Data records

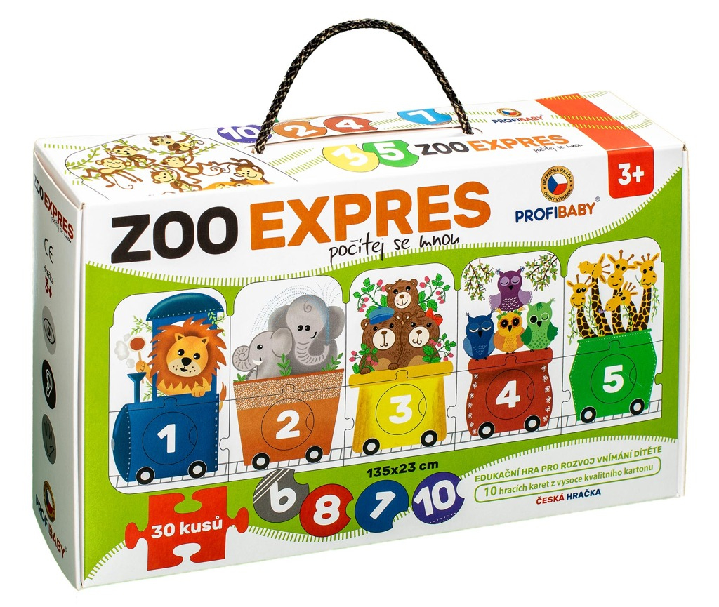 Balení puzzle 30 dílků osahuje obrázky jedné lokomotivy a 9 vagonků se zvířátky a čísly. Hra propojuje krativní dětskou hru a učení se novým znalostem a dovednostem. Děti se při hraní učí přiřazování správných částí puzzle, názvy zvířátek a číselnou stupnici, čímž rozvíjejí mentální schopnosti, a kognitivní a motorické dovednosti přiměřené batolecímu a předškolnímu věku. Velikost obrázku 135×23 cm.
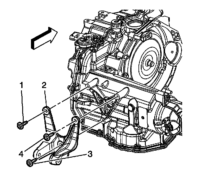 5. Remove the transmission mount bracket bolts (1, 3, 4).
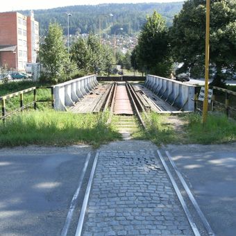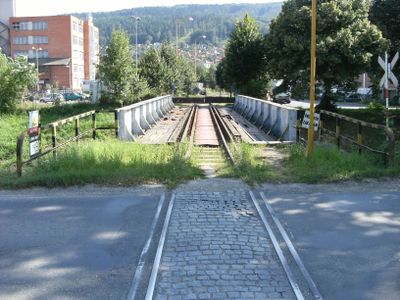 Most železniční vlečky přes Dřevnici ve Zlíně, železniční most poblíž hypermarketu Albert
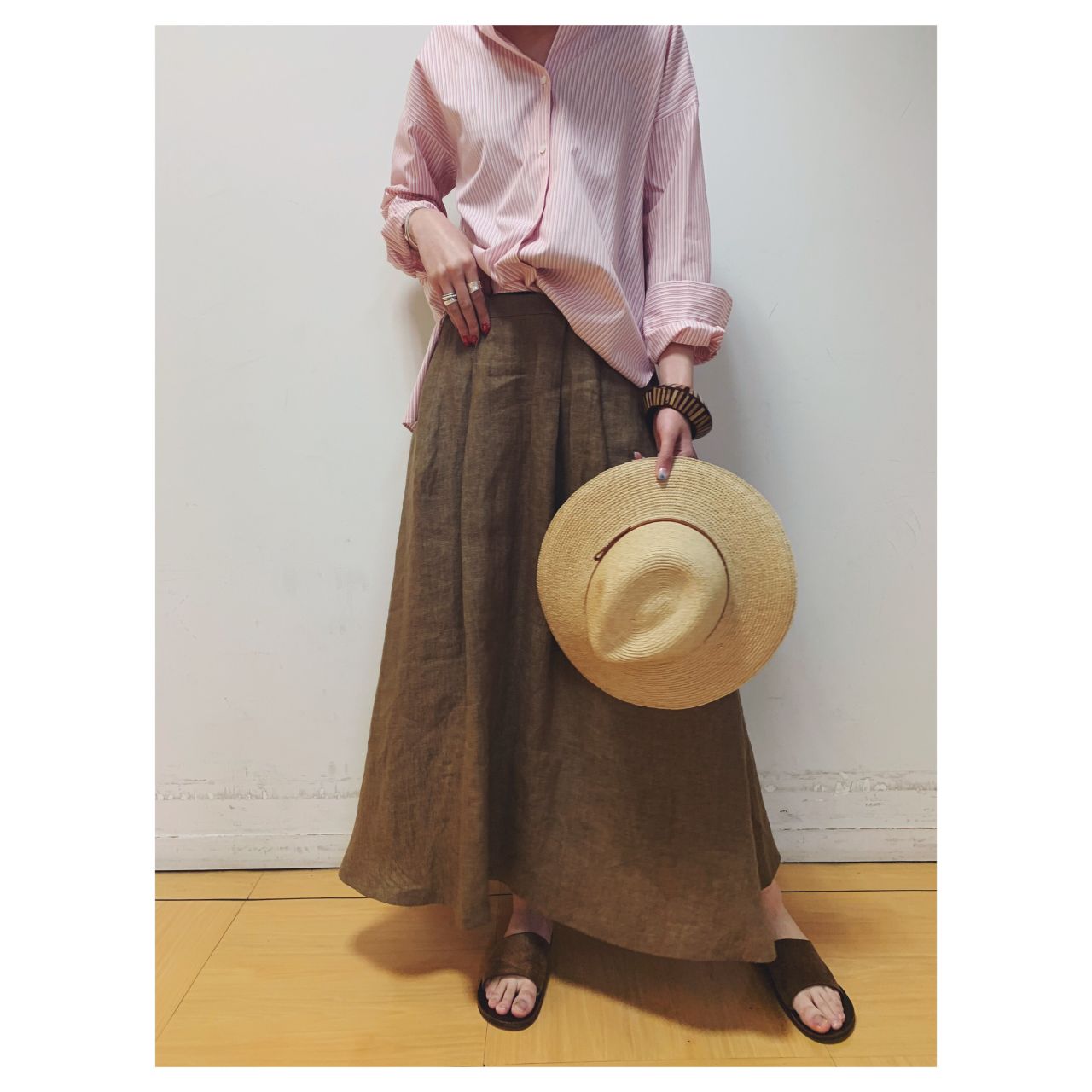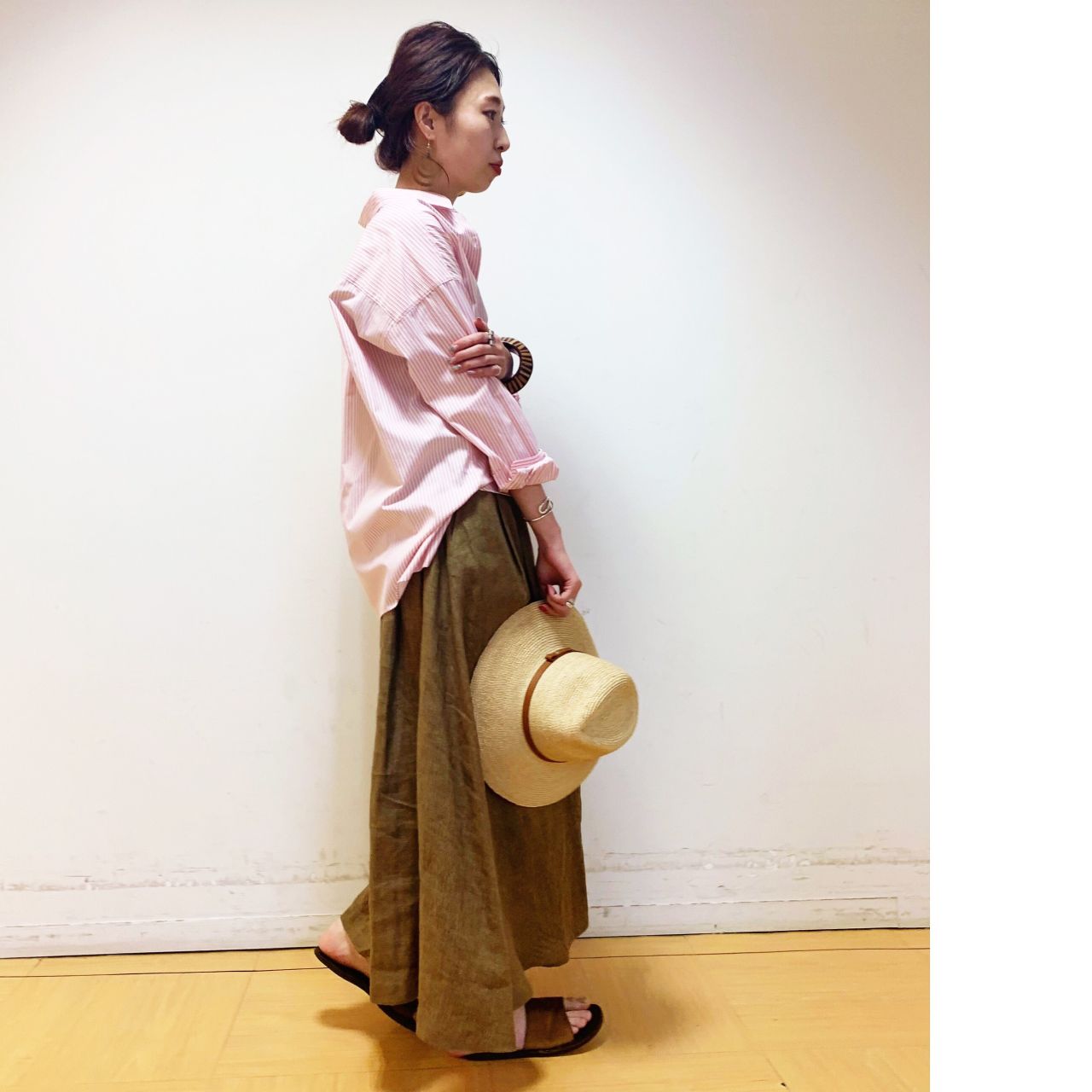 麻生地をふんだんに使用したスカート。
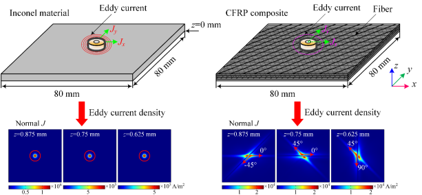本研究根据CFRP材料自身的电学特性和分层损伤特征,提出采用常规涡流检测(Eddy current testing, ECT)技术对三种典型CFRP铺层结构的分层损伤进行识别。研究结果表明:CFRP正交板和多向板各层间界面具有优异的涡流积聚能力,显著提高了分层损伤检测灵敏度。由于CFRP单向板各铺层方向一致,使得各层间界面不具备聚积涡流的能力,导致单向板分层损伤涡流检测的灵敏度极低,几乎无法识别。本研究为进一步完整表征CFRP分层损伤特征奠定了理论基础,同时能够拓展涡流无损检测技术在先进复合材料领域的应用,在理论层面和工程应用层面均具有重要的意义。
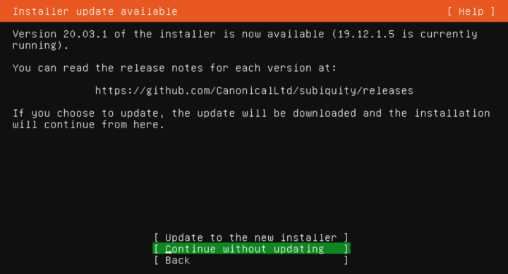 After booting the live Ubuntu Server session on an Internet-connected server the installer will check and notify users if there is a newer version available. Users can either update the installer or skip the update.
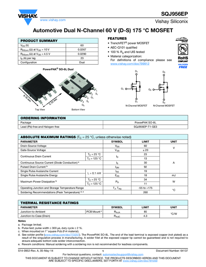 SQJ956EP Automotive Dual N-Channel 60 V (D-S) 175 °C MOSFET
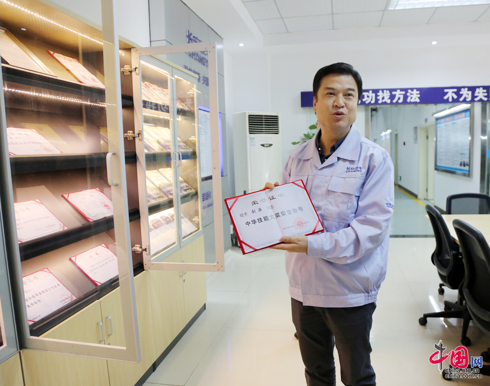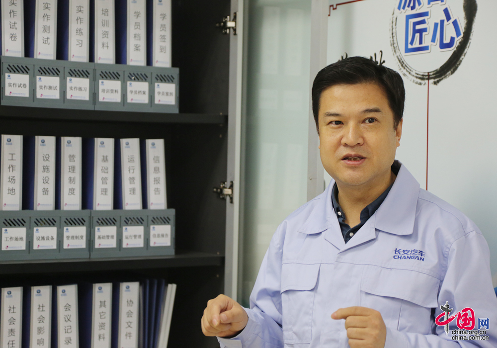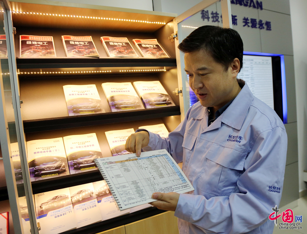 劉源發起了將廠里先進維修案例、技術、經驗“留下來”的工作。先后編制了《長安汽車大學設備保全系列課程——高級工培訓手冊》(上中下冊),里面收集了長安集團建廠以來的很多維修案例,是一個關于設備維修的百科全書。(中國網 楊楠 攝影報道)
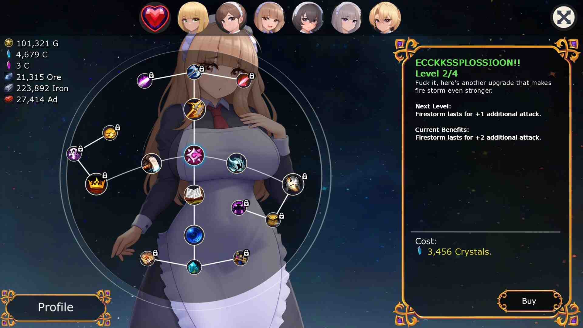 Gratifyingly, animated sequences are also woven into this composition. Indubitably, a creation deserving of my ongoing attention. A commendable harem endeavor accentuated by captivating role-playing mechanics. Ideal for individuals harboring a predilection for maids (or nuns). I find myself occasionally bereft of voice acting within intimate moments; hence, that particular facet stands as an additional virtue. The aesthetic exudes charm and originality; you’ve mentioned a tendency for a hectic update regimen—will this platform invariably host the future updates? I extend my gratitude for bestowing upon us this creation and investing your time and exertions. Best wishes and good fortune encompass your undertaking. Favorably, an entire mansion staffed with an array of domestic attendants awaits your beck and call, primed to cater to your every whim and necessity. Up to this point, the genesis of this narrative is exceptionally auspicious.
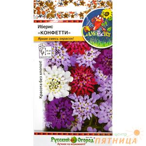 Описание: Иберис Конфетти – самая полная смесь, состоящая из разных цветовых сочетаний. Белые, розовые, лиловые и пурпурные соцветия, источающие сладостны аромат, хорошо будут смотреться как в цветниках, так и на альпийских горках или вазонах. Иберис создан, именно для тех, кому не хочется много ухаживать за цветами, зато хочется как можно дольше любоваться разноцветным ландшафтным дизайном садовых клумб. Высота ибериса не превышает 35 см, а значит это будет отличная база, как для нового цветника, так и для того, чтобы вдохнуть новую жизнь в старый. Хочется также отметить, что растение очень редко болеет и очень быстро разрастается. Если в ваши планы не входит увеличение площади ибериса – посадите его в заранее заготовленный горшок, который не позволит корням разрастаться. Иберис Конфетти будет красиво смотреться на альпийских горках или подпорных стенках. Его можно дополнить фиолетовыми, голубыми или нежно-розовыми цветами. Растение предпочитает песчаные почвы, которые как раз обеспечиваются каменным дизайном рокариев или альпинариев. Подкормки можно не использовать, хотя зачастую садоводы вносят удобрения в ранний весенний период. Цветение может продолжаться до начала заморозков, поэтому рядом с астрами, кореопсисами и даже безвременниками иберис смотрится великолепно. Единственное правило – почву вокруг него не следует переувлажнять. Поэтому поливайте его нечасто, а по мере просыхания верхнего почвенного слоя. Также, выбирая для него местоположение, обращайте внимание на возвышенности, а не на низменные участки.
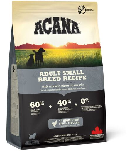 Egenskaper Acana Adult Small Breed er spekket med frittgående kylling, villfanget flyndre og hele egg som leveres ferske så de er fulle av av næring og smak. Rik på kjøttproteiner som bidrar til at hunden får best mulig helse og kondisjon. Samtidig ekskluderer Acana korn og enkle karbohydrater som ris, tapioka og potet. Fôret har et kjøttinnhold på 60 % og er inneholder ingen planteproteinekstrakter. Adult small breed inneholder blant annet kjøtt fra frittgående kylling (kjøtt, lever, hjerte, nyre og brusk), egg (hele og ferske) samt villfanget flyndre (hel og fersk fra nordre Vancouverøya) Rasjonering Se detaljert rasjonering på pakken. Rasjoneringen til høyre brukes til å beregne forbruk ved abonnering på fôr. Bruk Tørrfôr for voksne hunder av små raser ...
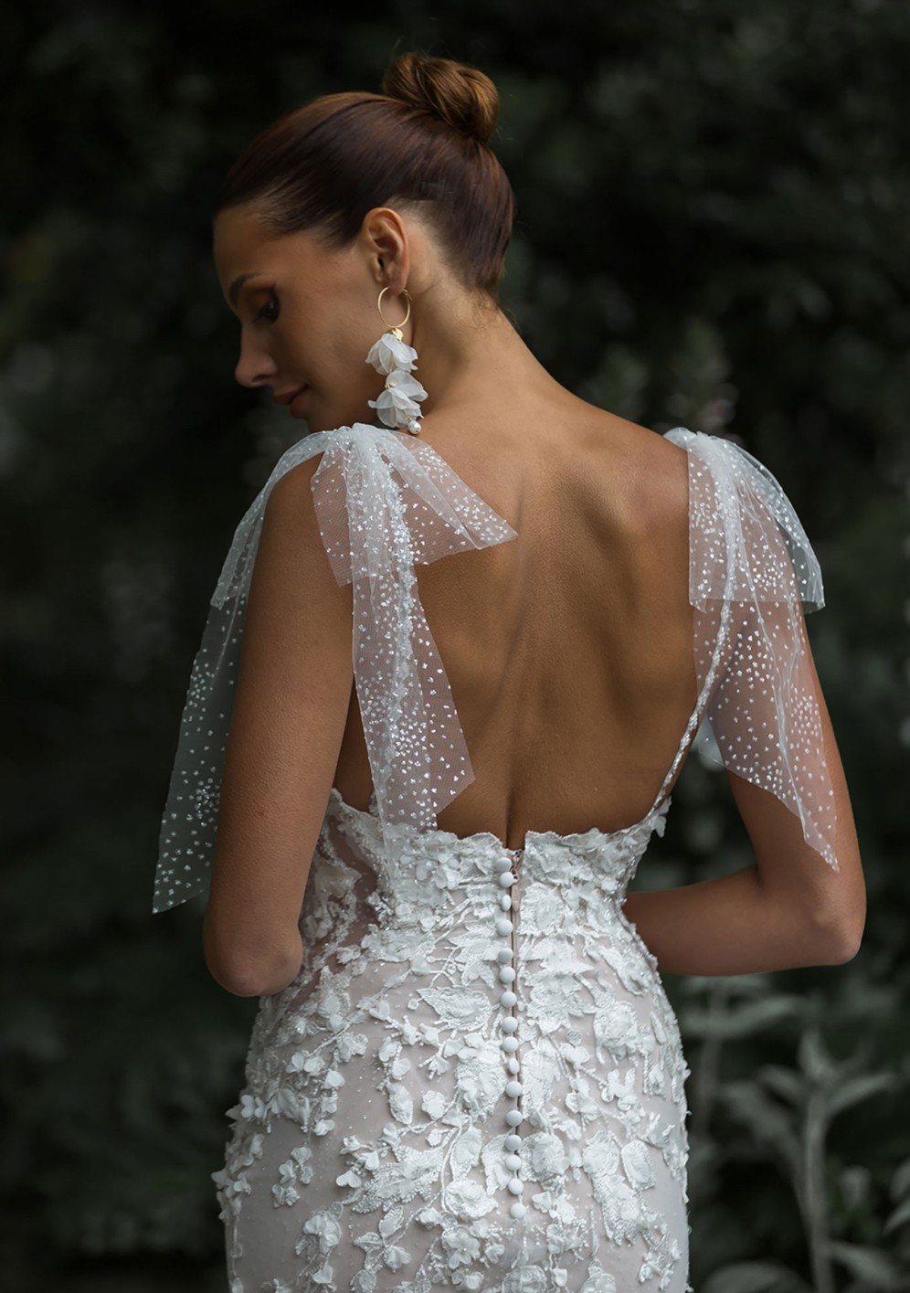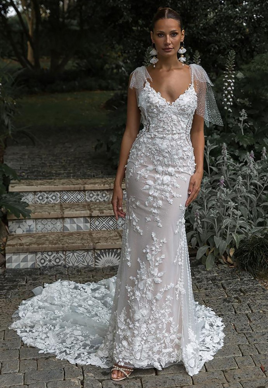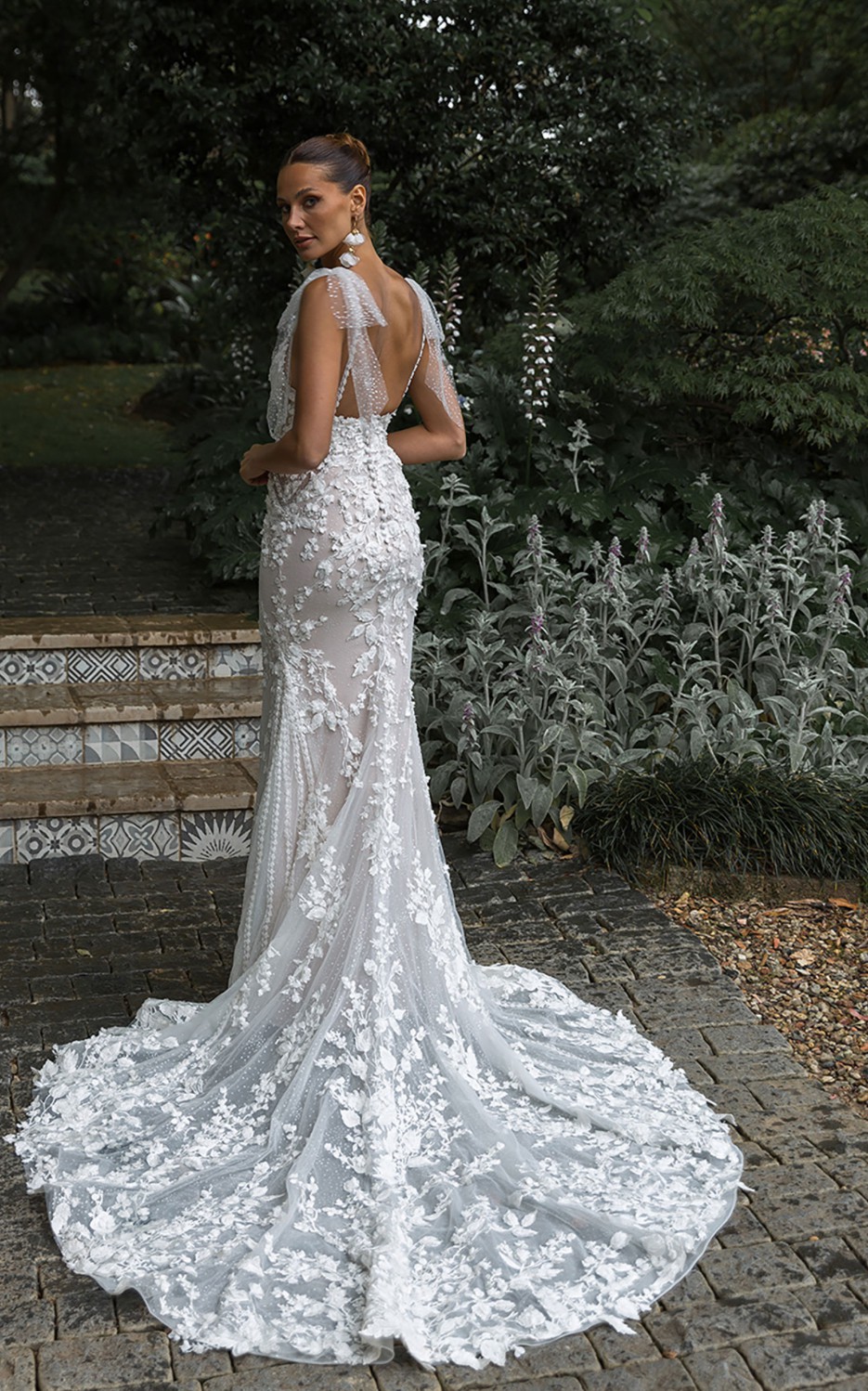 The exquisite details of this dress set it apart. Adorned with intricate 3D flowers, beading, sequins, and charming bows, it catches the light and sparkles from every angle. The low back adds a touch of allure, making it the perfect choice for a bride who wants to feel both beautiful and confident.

Task prompt
Would you set down only the lines above from the line with "5. Remove the" to the line with "麻生地をふんだんに使用したスカート。", both included, exactly as they stand and without the pictures?

Output for this task
 5. Remove the transmission mount bracket bolts (1, 3, 4).
 Most železniční vlečky přes Dřevnici ve Zlíně, železniční most poblíž hypermarketu Albert
 麻生地をふんだんに使用したスカート。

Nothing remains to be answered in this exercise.